November 20th, 2018
Balance is a word that comes up a lot in mch training. This is because mch’s training aims to improve performance and I have found that a common trait of the consistently successful is that their lives are relatively well balanced across a variety of areas. Balance is particularly relevant in mch’s resilience training, which is an increasingly popular training topic. The resilient are invariably able to balance a number of complementary traits, e.g. they are reflective while also being very able to stay in the present. They focus on quality thinking and also readily tap into their emotions. They have high aspirations whilst being content with ‘enough’.
It is important to note that applying such traits does not immunise you from adversity. There can still be tumultuous times when nothing appears stable and despite your best efforts, life does not seem balanced.
After a recent run, the act of stretching provided an apt analogy, not only for the struggle for balance in tough times, but also for how best we can meet the challenge. Have a look at the following video:
As someone who normally has good balance, I was struck by how difficult it was to do so in this position. Nothing seemed stable or still: the sand was moving from under my foot and the sea was moving around my ankles. Looking out, the boats were continually bobbing up and down and even when I tried to focus on the horizon, it was usurped by the continually moving clouds just above it.
In an analogous way, there have been times in my life when it seems that nothing is stable and nothing can be relied upon.

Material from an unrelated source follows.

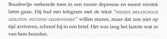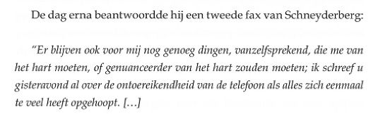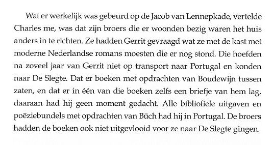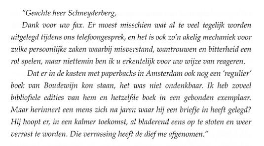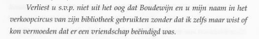 De in het boekje afgedrukte tekst is niet compleet, in de originele fax reutelt Komrij nog even door, met name over de omstandigheden die geleid hebben tot deze voor hem nogal ongelukkige situatie. Hij meent op vertrouwelijkheid te kunnen rekenen en eindigt met: Wat wel van belang is, u zult het begrijpen, is dat u mij hebt beloofd Boudewijn van ons gesprek op de hoogte te stellen. Verdorie, zojuist door Gerrit bevorderd van Vuilnisman tot Postillon d'Amour en niemand die het weten mag. Waar moet dit naar toe? Uiteraard heb ik Boudewijn op de hoogte gesteld van dit alles, maar het interesseerde hem niets, helemaal niets. De gedachte aan wraak, in welke vorm dan ook, waar Komrij zo bang voor was is niet eens bij hem opgekomen. Ik kreeg sterk het idee dat Gerrit van mening was dat alles zo wel in orde was, daar was ik het bij nader inzien (nog) niet mee eens. | ||

However, take a look at the next video:
I am in exactly the same spot on the beach. The only difference is that I have turned 180 degrees and am now facing the shore. Doing so has allowed me to focus on a rock above the tide line, and it is now much easier for me to maintain balance. There is now stability in my field of vision, even though the world around me is exactly as before, and I am still impacted by many of the same issues e.g. moving sand under my foot and moving water around my ankles.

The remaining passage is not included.